== EXERCISE PROMPT ==
Keeping every word intact, reproduce all of the records.
### SUPPLIED RECORDS
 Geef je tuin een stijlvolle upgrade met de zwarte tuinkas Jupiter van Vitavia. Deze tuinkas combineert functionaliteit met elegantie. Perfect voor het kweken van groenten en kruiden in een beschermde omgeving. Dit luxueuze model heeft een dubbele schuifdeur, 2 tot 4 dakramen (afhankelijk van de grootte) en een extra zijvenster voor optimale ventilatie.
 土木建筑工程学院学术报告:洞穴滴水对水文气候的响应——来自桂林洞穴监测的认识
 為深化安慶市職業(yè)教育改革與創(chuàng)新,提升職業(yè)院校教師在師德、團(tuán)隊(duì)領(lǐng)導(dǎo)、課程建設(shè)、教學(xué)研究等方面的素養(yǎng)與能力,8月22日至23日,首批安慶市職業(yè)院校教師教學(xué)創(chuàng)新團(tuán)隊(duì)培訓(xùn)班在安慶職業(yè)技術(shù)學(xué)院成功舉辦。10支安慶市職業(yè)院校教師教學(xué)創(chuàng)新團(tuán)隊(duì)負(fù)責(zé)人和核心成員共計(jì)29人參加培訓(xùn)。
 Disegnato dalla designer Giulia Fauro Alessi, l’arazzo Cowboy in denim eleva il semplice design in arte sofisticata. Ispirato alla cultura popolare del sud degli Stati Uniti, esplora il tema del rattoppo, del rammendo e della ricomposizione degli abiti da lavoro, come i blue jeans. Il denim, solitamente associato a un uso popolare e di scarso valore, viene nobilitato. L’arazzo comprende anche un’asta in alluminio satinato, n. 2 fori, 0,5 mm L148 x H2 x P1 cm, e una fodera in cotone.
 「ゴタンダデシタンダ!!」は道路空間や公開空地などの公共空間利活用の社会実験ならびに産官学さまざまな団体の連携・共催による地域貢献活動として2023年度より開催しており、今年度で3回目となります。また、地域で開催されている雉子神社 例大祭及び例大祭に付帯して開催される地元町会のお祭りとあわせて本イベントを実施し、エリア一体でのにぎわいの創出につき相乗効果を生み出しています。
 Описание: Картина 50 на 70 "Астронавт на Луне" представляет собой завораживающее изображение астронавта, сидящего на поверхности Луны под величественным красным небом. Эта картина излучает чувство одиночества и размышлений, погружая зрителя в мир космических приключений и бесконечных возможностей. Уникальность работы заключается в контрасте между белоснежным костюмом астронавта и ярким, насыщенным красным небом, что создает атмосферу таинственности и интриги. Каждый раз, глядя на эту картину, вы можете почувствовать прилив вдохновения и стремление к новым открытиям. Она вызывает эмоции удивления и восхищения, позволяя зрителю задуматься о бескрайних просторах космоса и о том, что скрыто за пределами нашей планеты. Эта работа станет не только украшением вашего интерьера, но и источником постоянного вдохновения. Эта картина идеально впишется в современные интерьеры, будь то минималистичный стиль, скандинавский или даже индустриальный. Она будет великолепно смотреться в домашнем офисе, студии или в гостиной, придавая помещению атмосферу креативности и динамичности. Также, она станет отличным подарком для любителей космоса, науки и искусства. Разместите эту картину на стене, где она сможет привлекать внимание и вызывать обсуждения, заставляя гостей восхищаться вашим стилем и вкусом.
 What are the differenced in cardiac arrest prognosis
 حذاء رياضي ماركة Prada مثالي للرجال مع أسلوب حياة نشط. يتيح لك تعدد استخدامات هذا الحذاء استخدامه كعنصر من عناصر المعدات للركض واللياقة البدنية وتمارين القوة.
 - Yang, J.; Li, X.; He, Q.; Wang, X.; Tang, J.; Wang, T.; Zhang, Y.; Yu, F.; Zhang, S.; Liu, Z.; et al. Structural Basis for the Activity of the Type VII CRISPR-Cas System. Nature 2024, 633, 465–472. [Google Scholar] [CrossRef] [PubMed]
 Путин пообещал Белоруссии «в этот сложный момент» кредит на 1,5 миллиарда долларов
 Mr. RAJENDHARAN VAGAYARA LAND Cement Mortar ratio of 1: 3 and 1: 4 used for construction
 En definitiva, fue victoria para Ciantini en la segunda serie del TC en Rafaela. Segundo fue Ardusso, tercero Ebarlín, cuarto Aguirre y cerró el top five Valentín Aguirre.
######
== SOLUTION TO THE PROBLEM ==
 Geef je tuin een stijlvolle upgrade met de zwarte tuinkas Jupiter van Vitavia. Deze tuinkas combineert functionaliteit met elegantie. Perfect voor het kweken van groenten en kruiden in een beschermde omgeving. Dit luxueuze model heeft een dubbele schuifdeur, 2 tot 4 dakramen (afhankelijk van de grootte) en een extra zijvenster voor optimale ventilatie.
 土木建筑工程学院学术报告:洞穴滴水对水文气候的响应——来自桂林洞穴监测的认识
 為深化安慶市職業(yè)教育改革與創(chuàng)新,提升職業(yè)院校教師在師德、團(tuán)隊(duì)領(lǐng)導(dǎo)、課程建設(shè)、教學(xué)研究等方面的素養(yǎng)與能力,8月22日至23日,首批安慶市職業(yè)院校教師教學(xué)創(chuàng)新團(tuán)隊(duì)培訓(xùn)班在安慶職業(yè)技術(shù)學(xué)院成功舉辦。10支安慶市職業(yè)院校教師教學(xué)創(chuàng)新團(tuán)隊(duì)負(fù)責(zé)人和核心成員共計(jì)29人參加培訓(xùn)。
 Disegnato dalla designer Giulia Fauro Alessi, l’arazzo Cowboy in denim eleva il semplice design in arte sofisticata. Ispirato alla cultura popolare del sud degli Stati Uniti, esplora il tema del rattoppo, del rammendo e della ricomposizione degli abiti da lavoro, come i blue jeans. Il denim, solitamente associato a un uso popolare e di scarso valore, viene nobilitato. L’arazzo comprende anche un’asta in alluminio satinato, n. 2 fori, 0,5 mm L148 x H2 x P1 cm, e una fodera in cotone.
 「ゴタンダデシタンダ!!」は道路空間や公開空地などの公共空間利活用の社会実験ならびに産官学さまざまな団体の連携・共催による地域貢献活動として2023年度より開催しており、今年度で3回目となります。また、地域で開催されている雉子神社 例大祭及び例大祭に付帯して開催される地元町会のお祭りとあわせて本イベントを実施し、エリア一体でのにぎわいの創出につき相乗効果を生み出しています。
 Описание: Картина 50 на 70 "Астронавт на Луне" представляет собой завораживающее изображение астронавта, сидящего на поверхности Луны под величественным красным небом. Эта картина излучает чувство одиночества и размышлений, погружая зрителя в мир космических приключений и бесконечных возможностей. Уникальность работы заключается в контрасте между белоснежным костюмом астронавта и ярким, насыщенным красным небом, что создает атмосферу таинственности и интриги. Каждый раз, глядя на эту картину, вы можете почувствовать прилив вдохновения и стремление к новым открытиям. Она вызывает эмоции удивления и восхищения, позволяя зрителю задуматься о бескрайних просторах космоса и о том, что скрыто за пределами нашей планеты. Эта работа станет не только украшением вашего интерьера, но и источником постоянного вдохновения. Эта картина идеально впишется в современные интерьеры, будь то минималистичный стиль, скандинавский или даже индустриальный. Она будет великолепно смотреться в домашнем офисе, студии или в гостиной, придавая помещению атмосферу креативности и динамичности. Также, она станет отличным подарком для любителей космоса, науки и искусства. Разместите эту картину на стене, где она сможет привлекать внимание и вызывать обсуждения, заставляя гостей восхищаться вашим стилем и вкусом.
 What are the differenced in cardiac arrest prognosis
 حذاء رياضي ماركة Prada مثالي للرجال مع أسلوب حياة نشط. يتيح لك تعدد استخدامات هذا الحذاء استخدامه كعنصر من عناصر المعدات للركض واللياقة البدنية وتمارين القوة.
 - Yang, J.; Li, X.; He, Q.; Wang, X.; Tang, J.; Wang, T.; Zhang, Y.; Yu, F.; Zhang, S.; Liu, Z.; et al. Structural Basis for the Activity of the Type VII CRISPR-Cas System. Nature 2024, 633, 465–472. [Google Scholar] [CrossRef] [PubMed]
 Путин пообещал Белоруссии «в этот сложный момент» кредит на 1,5 миллиарда долларов
 Mr. RAJENDHARAN VAGAYARA LAND Cement Mortar ratio of 1: 3 and 1: 4 used for construction
 En definitiva, fue victoria para Ciantini en la segunda serie del TC en Rafaela. Segundo fue Ardusso, tercero Ebarlín, cuarto Aguirre y cerró el top five Valentín Aguirre.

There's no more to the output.